Japanese fairy tale: Urashima Taro
by [?]

The tortoise promised with its eyes. So wistful and grateful were they, that Urashima felt he could never forget them.

By this time he was down on the seashore, and there he placed the tortoise in the sea and watched it swim away. Then he went home feeling very happy about the whole thing.

Morning was breaking when Urashima pushed off his boat for his day’s fishing. The sea was calm, and the air was full of the soft, sweet warmth of summer. Soon he was out skimming over the blue depths, and when the tide began to ebb, he drifted far beyond the other fishermen’s boats, until his own was lost to their sight.

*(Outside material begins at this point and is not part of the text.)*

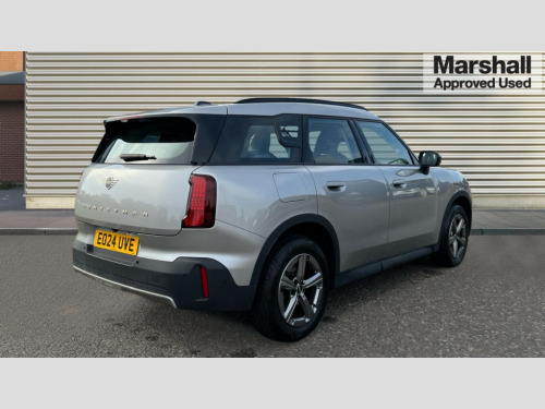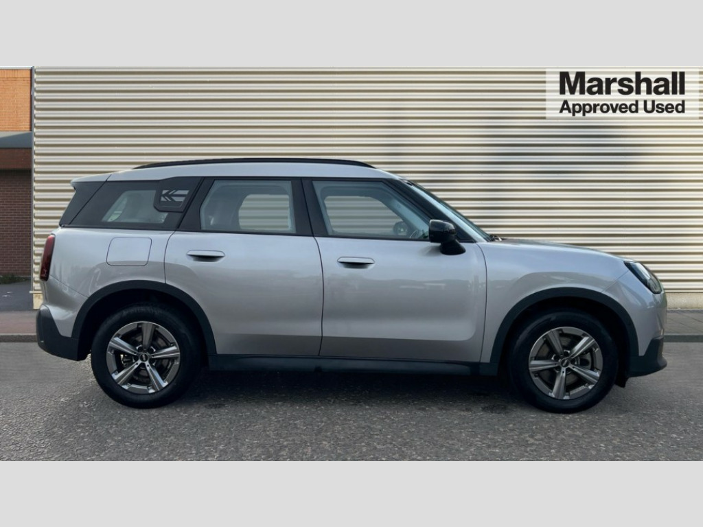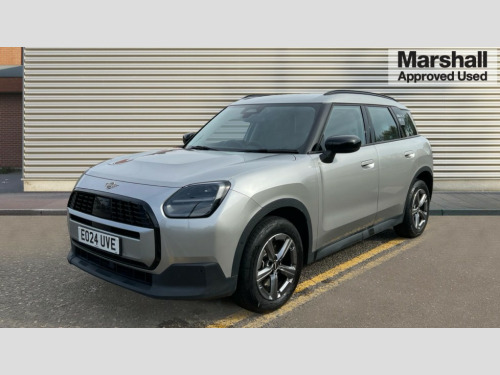 MINI Countryman 1.5 C Classic 5dr Auto Bluetooth connection, Circular OLED Screen, Compatible mobile phone bluetooth with audio streaming, Cruise Control (DCC), Digital dashboard display, E-call, Electro-mechanical speed dependant steering assistance, MINI Experience Modes, Mini navigation system, MINI TeleServices, Parking assistant in camera and ultrasound based assistance system, rear view camera, parking aid and distance control, Auto transmission with Paddles, 6 speakers, DAB Digital radio, Auto tailgate, Electric adjustable heated door mirrors, Front and rear electric windows, Heated rear window, LED daytime running lights, LED Headlights, LED rear lights, LED third brake light, Rain sensor with auto headlights, Rear side wing doors, Rear window wiper, Roof rails, 3 seat bench in 2nd row, 60/40 split rear bench seat, Auto air conditioning, Floor mats, Front armrest, Front headrests, Heated steering wheel, Height and length steering column adjustment, Light headliner, Rear headrests, Single front passenger seat, Sport Vescin Steering Wheel, Sunvisors with vanity mirrors, Vescin/Cloth upholstery, 3x3 point rear seat belts, 6 Airbags - front, side, head and seat belt tensioners, ABS, DSC - Dynamic Stability Control, Electronic handbrake, Electronic Stability Programme (ESP), Front ISOFIX (iSize), Hill hold assist, Hill start assist, Manual rear child locks, Traction control, Tyre pressure monitoring system, Warning triangle, Alarm system with tilt sensor, monitoring doors, bonnet interior and tailgate, Auto drive away locking, Deadlocking function, Electronic vehicle immobiliser, Locking wheel bolts, Remote control locking, Start/stop toggle with keyless go, Black/Blue dashboard knit, MINI Mobility Kit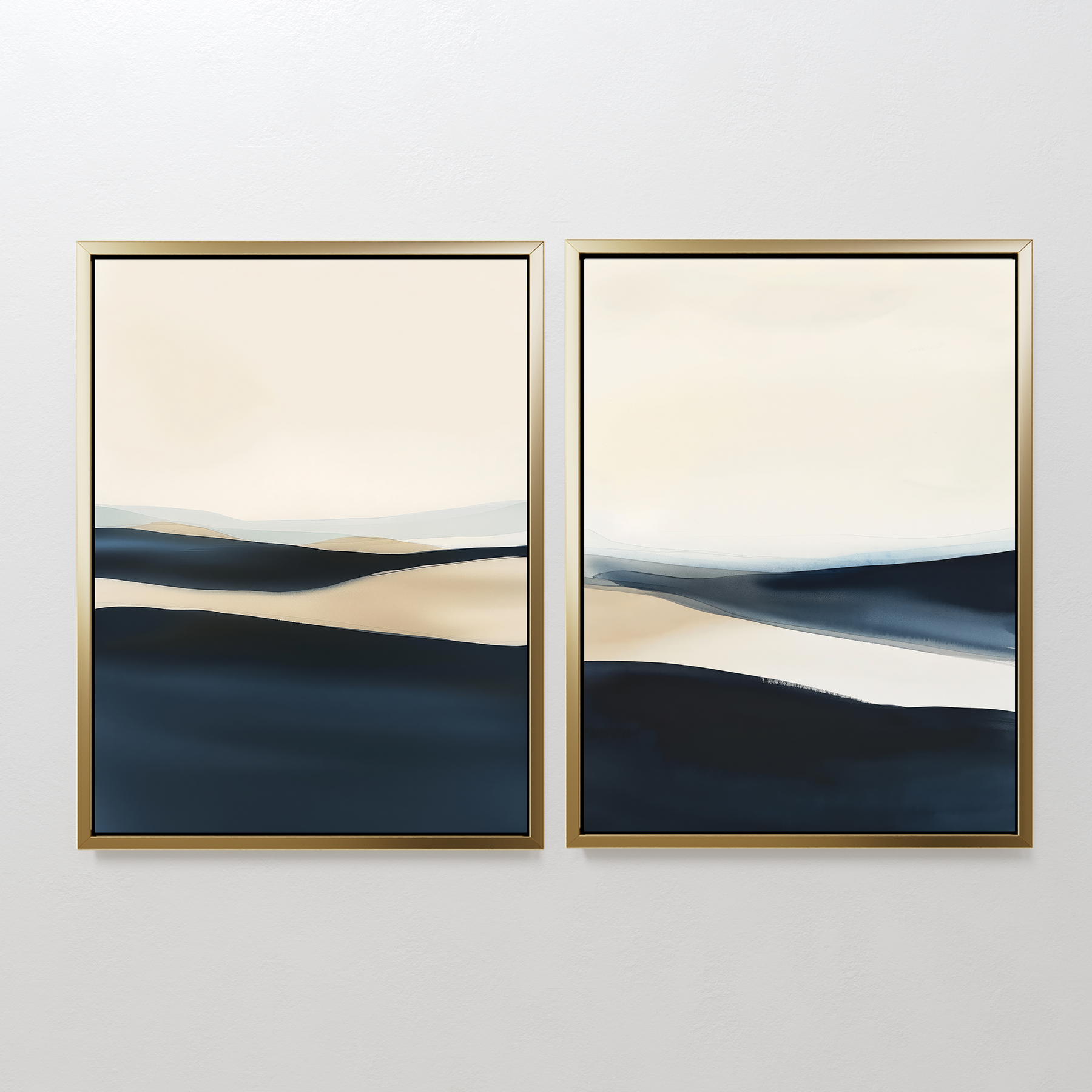 The Twilight Horizons Set of 2 features abstract landscape paintings with gold frames and soft beige, navy, and dark blue shapes—modern wall art that brings a serene horizon feel to any space.

It was such a lovely morning when the sun rose and slanted across the waters, that, when he thought of the short span of human life, he wished that he had thousands of years to live, like the tortoise he had rescued from the boys the day before.

As he was dreaming these thoughts, he was suddenly startled by a sweet voice calling his name. It fell on his ears like the note of a silver bell dropping from the skies. Again it came, nearer than before:

‘Urashima! Urashima!’

He looked all around on the surface of the sea, thinking that some one had hailed him from a boat, but there was no one there, as far as the eye could reach.

And now he heard the voice again close at hand, and, looking over the side of the boat, he saw a tortoise looking up at him, and he knew by its eyes that it was the same tortoise he had restored to the sea the previous day.

‘So we meet again,’ he said pleasantly. ‘Fancy you finding me in the middle of the ocean! What is it, you funny little tortoise? Do you want to be caught again, eh?’

‘I have looked for you,’ replied the tortoise, ‘ever since dawn, and when I saw you in the boat I swam after you to thank you for saving my life.’

‘Well, that’s very nice of you to say that. I haven’t much to offer you, but if you would like to come up into the boat and dry your back in the sun we can have a chat.’

The tortoise was pleased to accept the invitation, and Urashima helped it up over the side. Then, after talking of many things, the tortoise remarked, ‘I suppose you have never seen Rin Gin, the Dragon Sea-King’s palace, have you?’

Urashima shook his head.

‘No,’ he replied. ‘They tell me it is a beautiful sight, but in all the years that I have spent upon the sea I have never been invited to the Dragon King’s palace. It’s some distance from here, isn’t it?’

‘I do not think you believe there is such a place,’ replied the tortoise, who had seen a twinkle in Urashima’s eye. ‘Yet I assure you it exists, but a long way off–right down at the bottom of the sea. If you would really like to see Rin Gin, I will take you there.’

‘That is very kind of you,’ said Urashima with a polite bow, which pleased the tortoise greatly; ‘but I am only a man, you know, and cannot swim a long way under the sea like a tortoise.’

But the little creature hastened to reassure him.

‘That’s not at all necessary,’ it said. ‘I’ll do the swimming and you can ride on my back.’

Urashima laughed. The idea of his riding on the back of a tortoise that he could hold in his hand was funny, and he said so.

‘Never mind how funny it is,’ said the tortoise; ‘just get on and see.’ And then, as Urashima looked at it, the tortoise grew and grew and grew until its back was big enough for two men to ride upon.

‘What an extraordinary thing!’ exclaimed Urashima. ‘Right you are, friend tortoise, I’ll come with you.’ And with that he jumped on.